ENTRIES PROVIDED Block Start

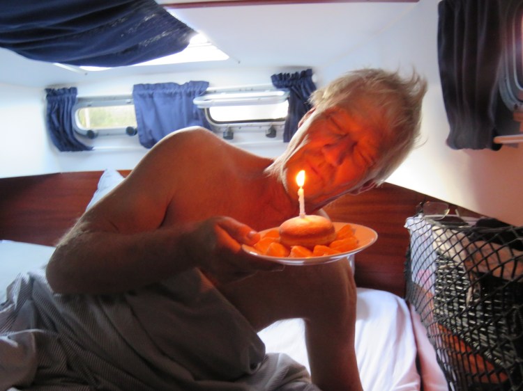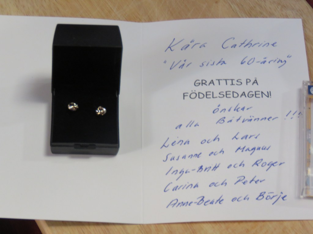 Vi kastade loss vid lunch, söndag den 13 mars till Terre-de-Haut. Vi kom fram på morgonen, måndag 14 mars, klockan 7:30. Det blev 77,3 NM. När vi, jag och Börje hade vårat pass det var kväll och mörkt, vi gick för motor utanför Dominicas kust och vi kom söder i från så såg vi en båt längre fram som hade röd lanterna, babord den går säkerligen västerut sa vi, båten hade ingen AIS. Börje styrde mer in mot land för att visa att vi hade sett båten. Vi började närma oss mer och mer det är något som inte stämmer reflex mässig tar Börje tag i ratten och styr undan åt babord, vänster. Det var en större båt och vi funderade länge och sa nästa i korus hade inte båten den röda lanternan på fel sida. Man har sett många båtar som inte är tillräckligt utrustade för att gå i mörker. När vi kom fram vilade vi en stund och senare på dagen åkte vi in och åt lunch på baren där vi även fick WIFI. För här fanns det ingen täckning. Vi beslöt att vi skulle vara här till på torsdag den 17 mars. Vi gjorde utflykt till Fort Napoleons det var mycket varmt men det var värd alla steg, vilken utsikt. Vi utforskade Terre-de Haut gata upp och gata ner det var en genuin typisk liten turist by med charm. Vi alla tyckte om Terre-de-Haut. Här blev jag firad min 60-års dag från morgon till kväll. På morgon kom gänget in med sång , ballonger och kaka med ljus och dom hade fixat hotell frukost, äggröra, bröd, frukt mm. Vi tog promenad med lunch och avlutade lunchen med en drink på baren bredvid dinge dock. På kvällen blev vi firade våra födelsedagar av ABB med restaurang, Lobster och efterrätt en mycket mysig, fin kväll. Tack ABB. Jag fick så mycket fint, grattis hälsningar från alla håll och kanter de värmde gott i hjärtat. Från båtvännerna fick jag ett par jätte fina örhängen. Vilka härliga, mysiga vänner som fixar och donar till mig som är så långt borta. Min käre make fick jag en jätte fin klocka. Champagne från vännerna Claes och Anna. Tack så mycket till er alla. Allt var så fint och jag kunde inte önska mig mer.
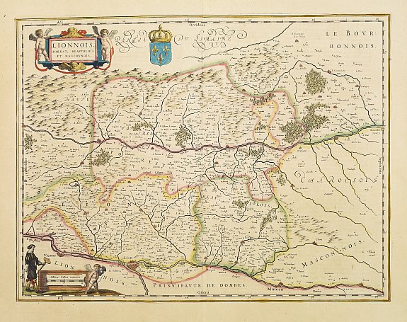 Rare, antique map of  Lionnois, Forest, Beaujolois et Masconnois.
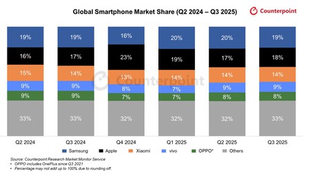 Un mercado de tradiciones. Los datos de Contrapunto en el tercer trimestre de 2025 Dejan una cosa clara: la falta de innovación tecnológica no afecta ni a Samsung ni a Apple. Las dos compañías líderes mantienen su posición, seguidas de Xiaomi, lo que ya es prácticamente una tradición en mercados como el europeo.
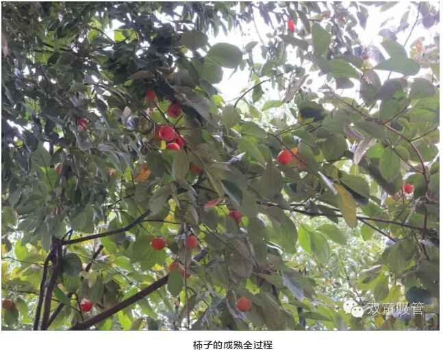 在“雙童”,大家不僅能吃到甜甜的柿子,還能完整的GET到柿子的生長過程,從小小的青嫩果子到豐滿的黃色果實,無論哪個階段,“雙童”的柿子都是相當(dāng)?shù)恼T人哦!
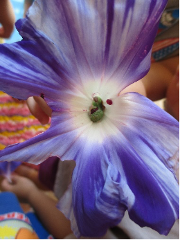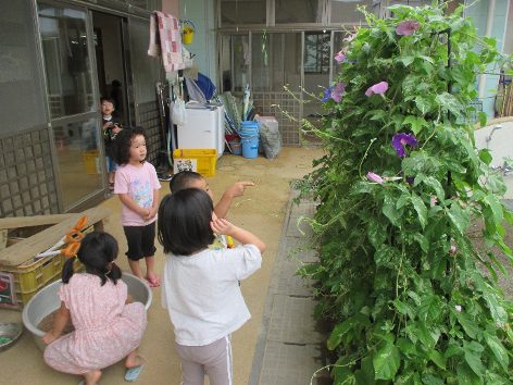 春に種を蒔いた朝顔の花。「まだ咲かないね」と毎日様子を見ながら水をあげていると、いつのまにか子どもたちの身長よりも大きくのびて、花がたくさん咲きました!
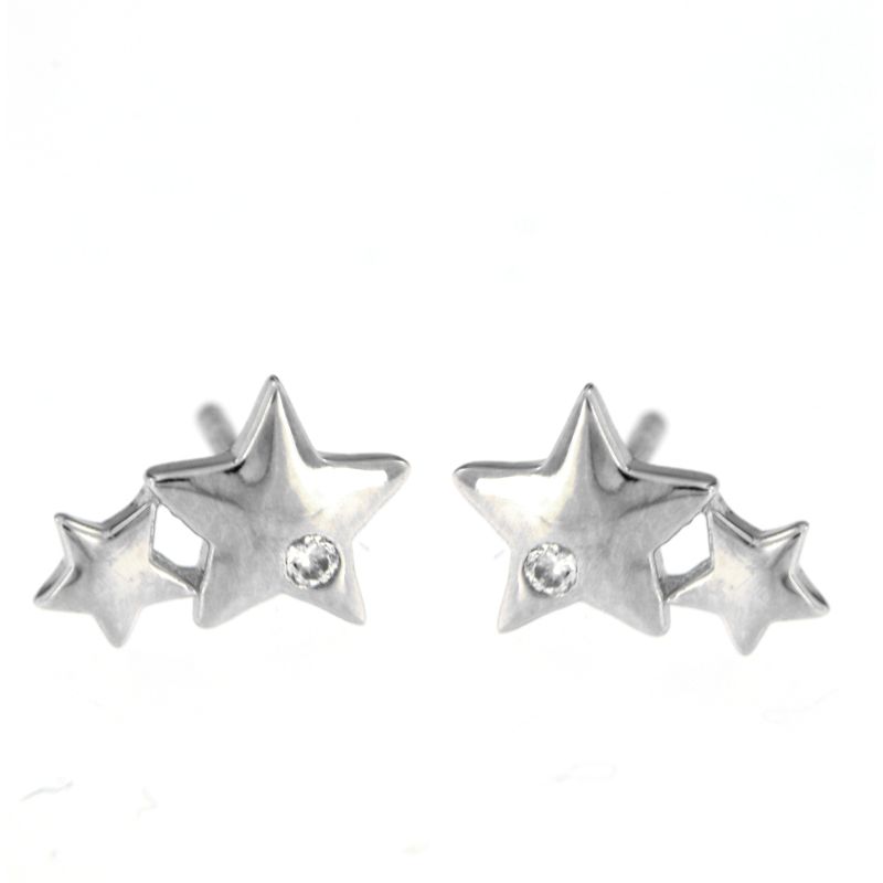 Pendientes de plata Orión con diseño de estrellas y circonita brillante. Pendientes elegantes de mujer, delicados y modernos, perfectos para aportar luz y estilo a cualquier look.

ENTRIES PROVIDED Block End

EXERCISE:
Only the line with "Rare, antique map" and those preceding it, back to the first line of the entries, should be repeated exactly, without pictures.

ANSWER FOR THE TASK:
 Vi kastade loss vid lunch, söndag den 13 mars till Terre-de-Haut. Vi kom fram på morgonen, måndag 14 mars, klockan 7:30. Det blev 77,3 NM. När vi, jag och Börje hade vårat pass det var kväll och mörkt, vi gick för motor utanför Dominicas kust och vi kom söder i från så såg vi en båt längre fram som hade röd lanterna, babord den går säkerligen västerut sa vi, båten hade ingen AIS. Börje styrde mer in mot land för att visa att vi hade sett båten. Vi började närma oss mer och mer det är något som inte stämmer reflex mässig tar Börje tag i ratten och styr undan åt babord, vänster. Det var en större båt och vi funderade länge och sa nästa i korus hade inte båten den röda lanternan på fel sida. Man har sett många båtar som inte är tillräckligt utrustade för att gå i mörker. När vi kom fram vilade vi en stund och senare på dagen åkte vi in och åt lunch på baren där vi även fick WIFI. För här fanns det ingen täckning. Vi beslöt att vi skulle vara här till på torsdag den 17 mars. Vi gjorde utflykt till Fort Napoleons det var mycket varmt men det var värd alla steg, vilken utsikt. Vi utforskade Terre-de Haut gata upp och gata ner det var en genuin typisk liten turist by med charm. Vi alla tyckte om Terre-de-Haut. Här blev jag firad min 60-års dag från morgon till kväll. På morgon kom gänget in med sång , ballonger och kaka med ljus och dom hade fixat hotell frukost, äggröra, bröd, frukt mm. Vi tog promenad med lunch och avlutade lunchen med en drink på baren bredvid dinge dock. På kvällen blev vi firade våra födelsedagar av ABB med restaurang, Lobster och efterrätt en mycket mysig, fin kväll. Tack ABB. Jag fick så mycket fint, grattis hälsningar från alla håll och kanter de värmde gott i hjärtat. Från båtvännerna fick jag ett par jätte fina örhängen. Vilka härliga, mysiga vänner som fixar och donar till mig som är så långt borta. Min käre make fick jag en jätte fin klocka. Champagne från vännerna Claes och Anna. Tack så mycket till er alla. Allt var så fint och jag kunde inte önska mig mer.
 Rare, antique map of  Lionnois, Forest, Beaujolois et Masconnois.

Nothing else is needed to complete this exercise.